* Dataset section *
•••

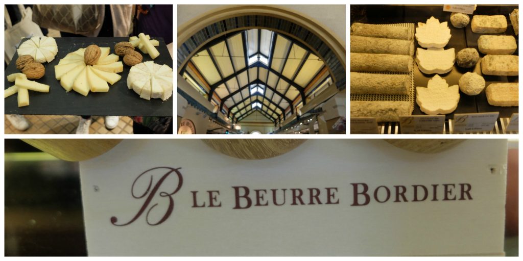 Nous partons ensuite direction les Halles, un lieu authentique, où nous attends une dégustation de fromages et de beurre. Mais pas n’importe quel beurre, les fameux Beurres Bordier ! On assiste même à la fabrication d’une plaque de beurre à partir d’une motte et on découvre une palette de saveurs étonnantes : aux algues, salé (forcément !), poivre, vanille…. Un régal !
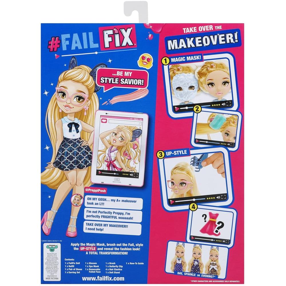 Характеристики и описание Превратись в легенду модных трендов вместе с куклами FailFix 2-в-1! Куклы ФейлФикс решили опробовать на себе популярные онлайн-уроки макияжа и причесок, но все пошло не по плану... теперь им нужна твоя бьюти-помощь, чтобы исправить все фейлы! Начни с платья — может, тебе достался ультра-редкий наряд? Затем побалуй куклу спа-процедурой с супер-маской. Сними маску и увидишь, как преобразились лицо и макияж. Найди под маской ультра-редкий макияж! Извлеки аксессуары из волос куклы, расчеши их и сделай прическу — голливудские локоны. Заверши образ с помощью обуви и украшений. Она может позировать — куклу можно установить на прилагаемую подставку. В упаковке представлена кукла ДО преображения. В игровом наборе: кукла (22 см), наряд, пара обуви, серьги, украшение на шею, 2 маски, расческа, 2 заколки-бигуди, 4 резинки для волос, подставка, инструкция. У куклы подвижные суставы — 10 точек артикуляции. Комплектация В игровом наборе: кукла (22 см), наряд, пара обуви, серьги, украшение на шею, 2 маски, расческа, 2 заколки-бигуди, 4 резинки для волос, подставка, инструкция. Материал: пластик. Товар сертифицирован. Упаковка: коробка с окном (23,5 х 7 х 33 см).
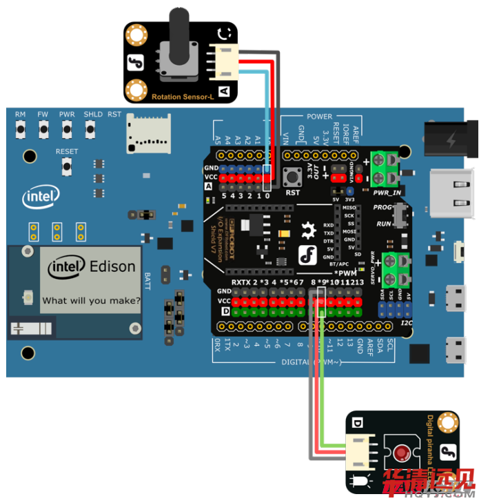 按照如圖所示,將led燈安裝到13號接插口,將角度傳感器接到A0口
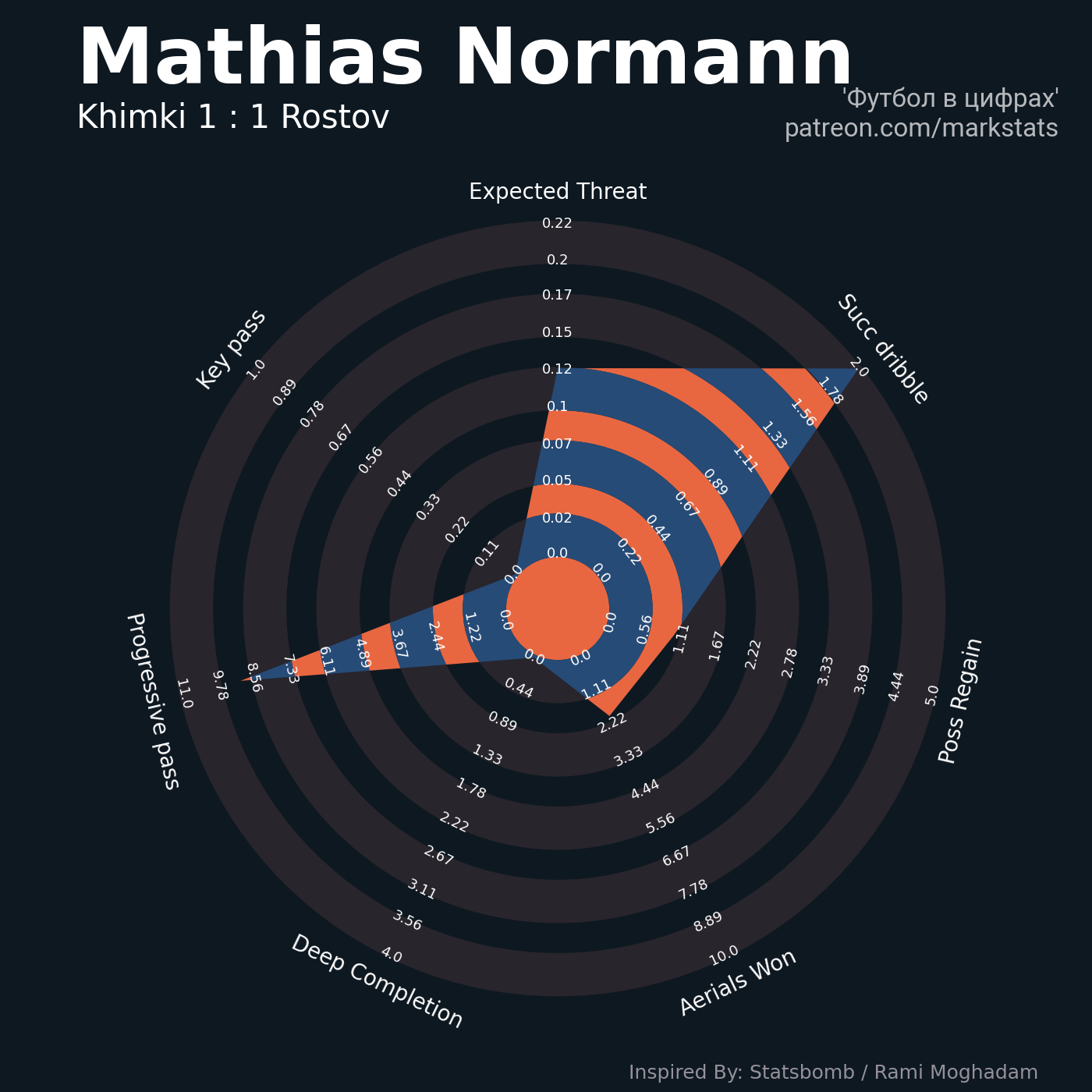 ▪ 0.22 очка xT (+0.13 со стандартов)

•••

* Problem description *
What is needed here is an exact repetition of the listing above, pictures excluded.

* Expected answer *
 Nous partons ensuite direction les Halles, un lieu authentique, où nous attends une dégustation de fromages et de beurre. Mais pas n’importe quel beurre, les fameux Beurres Bordier ! On assiste même à la fabrication d’une plaque de beurre à partir d’une motte et on découvre une palette de saveurs étonnantes : aux algues, salé (forcément !), poivre, vanille…. Un régal !
 Характеристики и описание Превратись в легенду модных трендов вместе с куклами FailFix 2-в-1! Куклы ФейлФикс решили опробовать на себе популярные онлайн-уроки макияжа и причесок, но все пошло не по плану... теперь им нужна твоя бьюти-помощь, чтобы исправить все фейлы! Начни с платья — может, тебе достался ультра-редкий наряд? Затем побалуй куклу спа-процедурой с супер-маской. Сними маску и увидишь, как преобразились лицо и макияж. Найди под маской ультра-редкий макияж! Извлеки аксессуары из волос куклы, расчеши их и сделай прическу — голливудские локоны. Заверши образ с помощью обуви и украшений. Она может позировать — куклу можно установить на прилагаемую подставку. В упаковке представлена кукла ДО преображения. В игровом наборе: кукла (22 см), наряд, пара обуви, серьги, украшение на шею, 2 маски, расческа, 2 заколки-бигуди, 4 резинки для волос, подставка, инструкция. У куклы подвижные суставы — 10 точек артикуляции. Комплектация В игровом наборе: кукла (22 см), наряд, пара обуви, серьги, украшение на шею, 2 маски, расческа, 2 заколки-бигуди, 4 резинки для волос, подставка, инструкция. Материал: пластик. Товар сертифицирован. Упаковка: коробка с окном (23,5 х 7 х 33 см).
 按照如圖所示,將led燈安裝到13號接插口,將角度傳感器接到A0口
 ▪ 0.22 очка xT (+0.13 со стандартов)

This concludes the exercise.